| WORK ORDER |
Print exactly the lines from the one containing "Zvezdna vila v" through the last line of the records below, both included, and nothing else; omit any pictures.

------------------------------

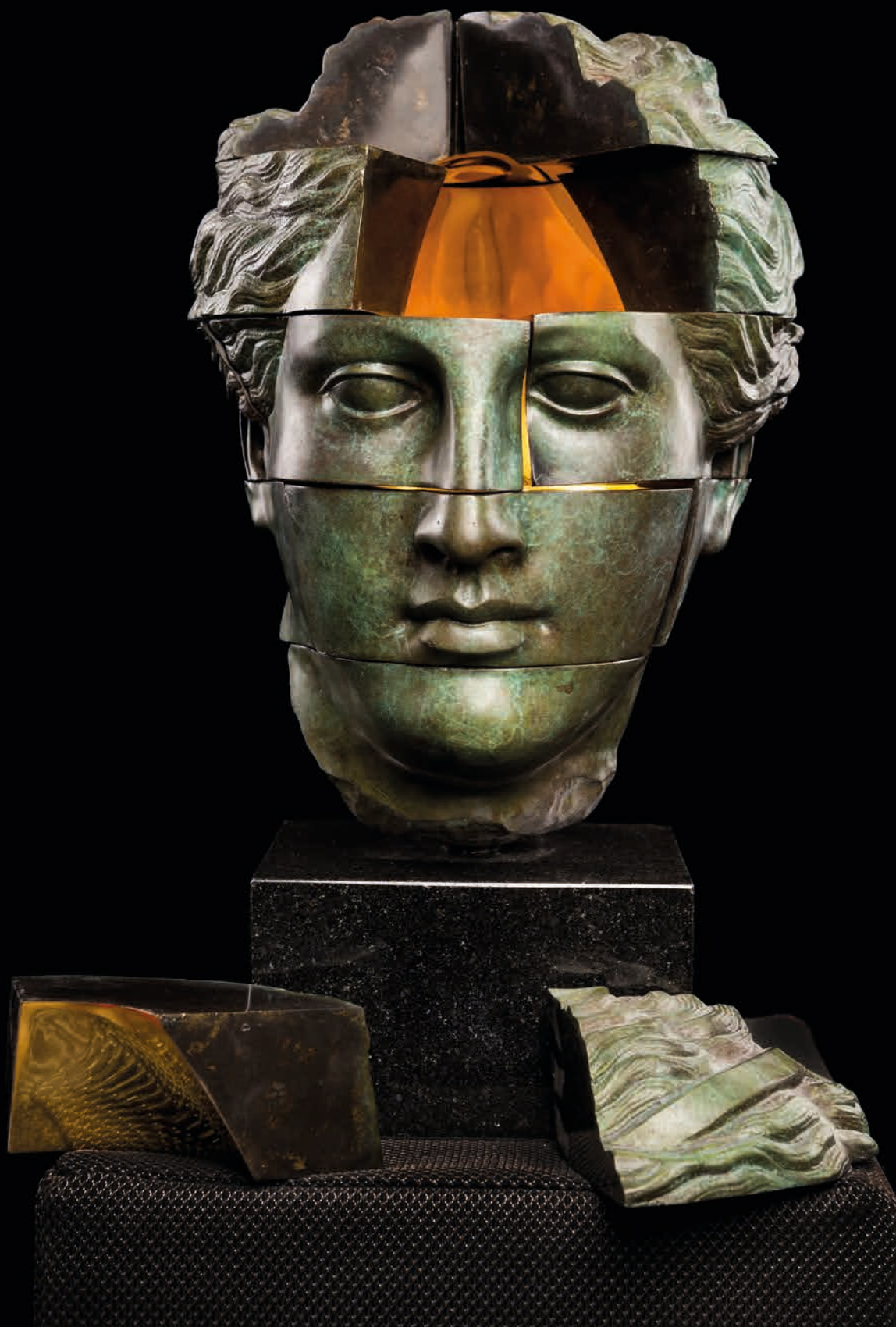
Empty gold galaxy, 2019 Bronze gilded partially with 24k gold leafs, 33 kg 34 x 26 x 29 cm - 13.39 x 10.24 x 11.42 in
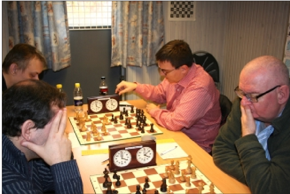
Palle (bagerst t.h.) alene – om ikke i verden så i gr. A

Så var det sidste år vi arrangerede Danske Bank EMT. Desværre udløber vores sponsorstøtte fra Danske Bank ved årets udgang, så vi skal ud og finde en ny sponsor, så vi kan fastholde det attraktive præmieniveau i vores eneste årlige turnering med deltagelse fra andre klubber.
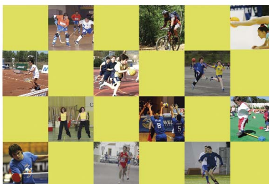
cartel de las escuelas deportivas municipales.
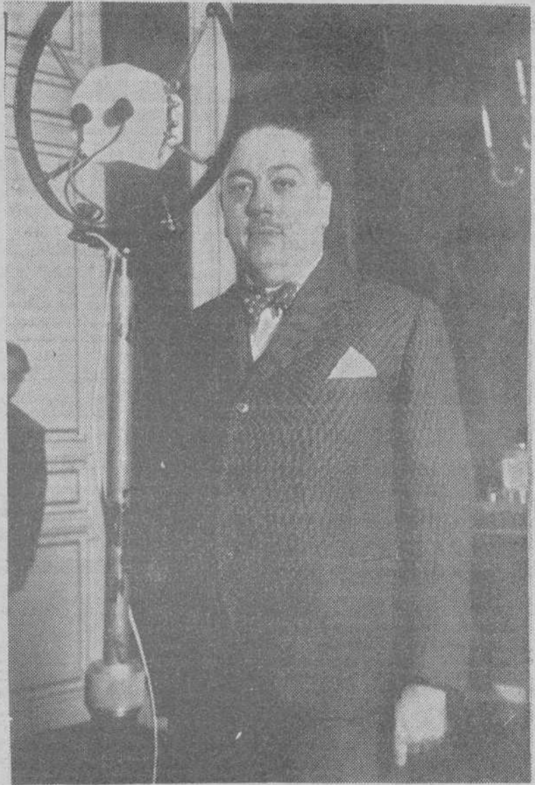
DON DIEGO MARTINEZ BARRIO
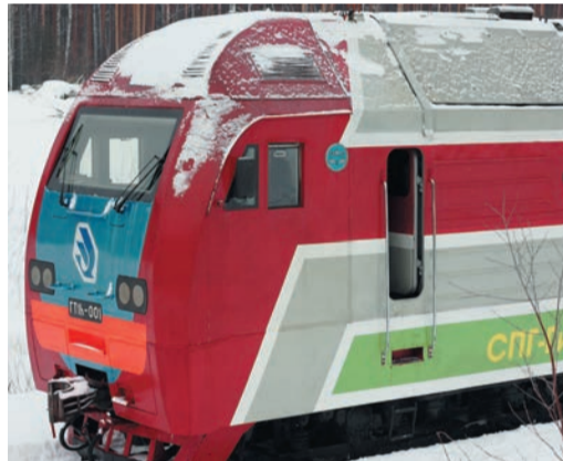
В зоне особого внимания Управления «Уралавтогаз» развитие автопарка на метане, организация строительства и эксплуатация АГНКС, обеспечение потребителей сжиженным и компримированным природным газом
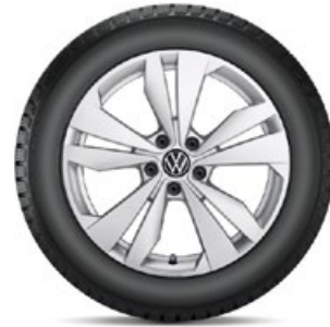
VW Loen Silber
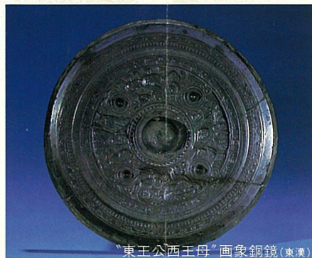
“東王公西王母”画象銅鏡(東漢)
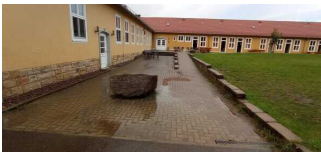
Seiteneingang Hauptgebäude – Teil B
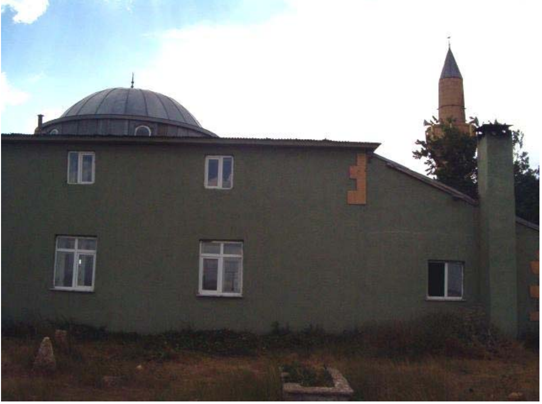
Resim: 11- Sinür Köyü ( Çayırlyolu ) Kufly Bey Camii
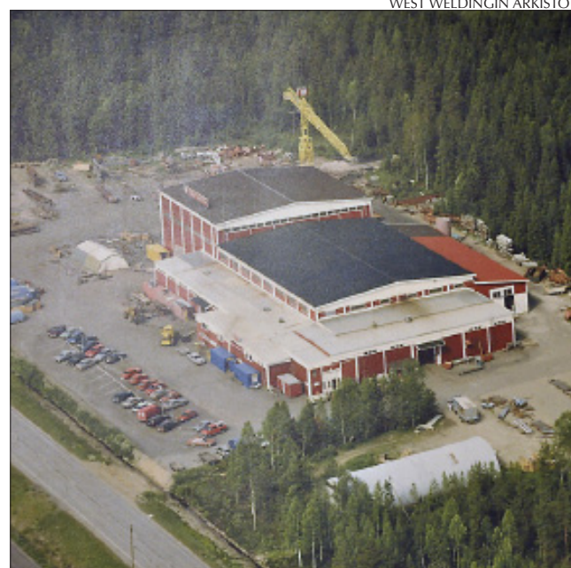
Kuva West Weldingin tontilta silloin, kun päähallin ensimmäistä laajennusta oltiin tekemässä.
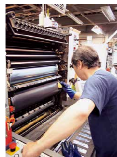
【今月の表紙】

巧文社印刷(株)には、昔から使っている機械がたくさんあります。機械のきれいな状態を見ると、職人さんたちが大切に使っているのが一目でわかります。この日も職人さんが使い終わった機械を丁寧に掃除していました。古い機械に対する職人さんの愛着も感じられました。
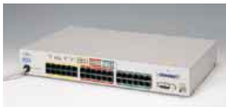
LH36XA エージェントハブ
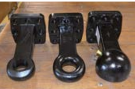
DIN (Serie) Piton K80
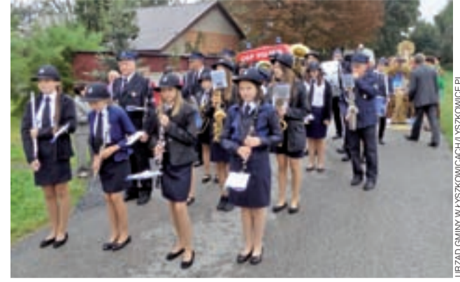
Strażacka Orkiestra Dęta z Łyszkowic – przy takiej okazji nie mogło jej zabraknąć.
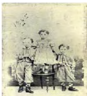
Στην Αλεξάνδρεια σε ηλικία 2 ετών

Ο Κωνσταντίνος Καβάφης ανήκει στους λίγους εκείνους, που πέθαναν τη μέρα των γενεθλίων τους, όπως ο Μανώλης Χιώτης, ο Χρήστος Τσαγανέας, η Ιγκριντ Μπέργκμαν... Γεννήθηκε και πέθανε στις 29 Απριλίου (1863-1933). Θα πίστευε κανείς πως η μοίρα του φανέρωνε τον κύκλο του επίγειου βίου του, που το μαρτυρεί καταφανώς, με μία... αυθαίρετη ερμηνεία, ο στίχος του στο ποίημα «Έμπορος Αλεξανδρέυς»: «...έφθασ' Απρίλιον: φεύγω Απρίλιον. Δεν έχασα καιρόν!»
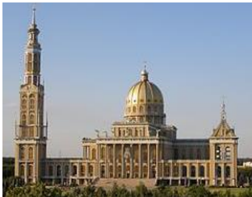
Mariabasiliek van Lichen

En op de laatste dag een bezoek aan Maria van Kevelaer en ter afsluiting een smakelijk afscheidsdiner!
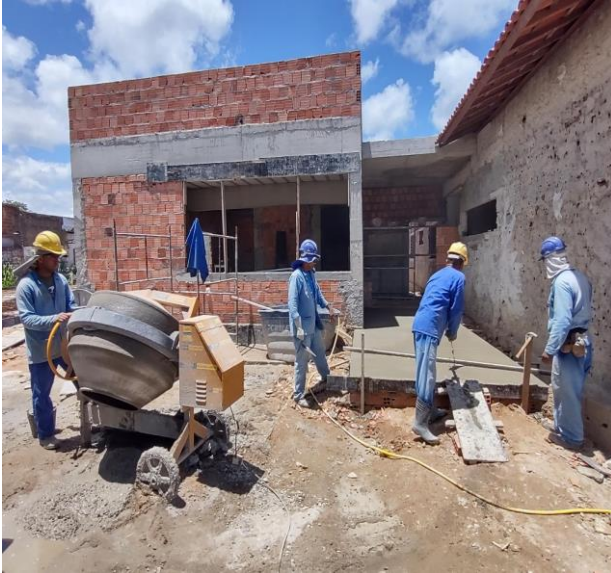
Lançamento Com Uso De Baldes, Adensamento E Acabamento De Concreto Em Estruturas. Af_12/2015
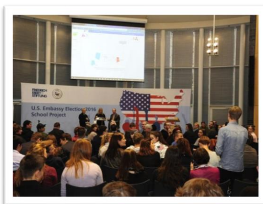
Preisverleihung „US Election Project“
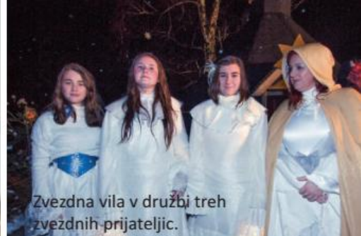
Zvezdna vila v družbi treh zvezdnh prijateljic.
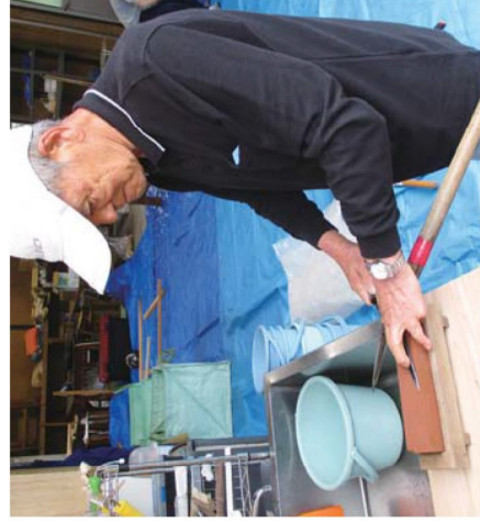
刃物とぎ（会館作業場）

------------------------------

| ANSWER SPACE |
Zvezdna vila v družbi treh zvezdnh prijateljic.
刃物とぎ（会館作業場）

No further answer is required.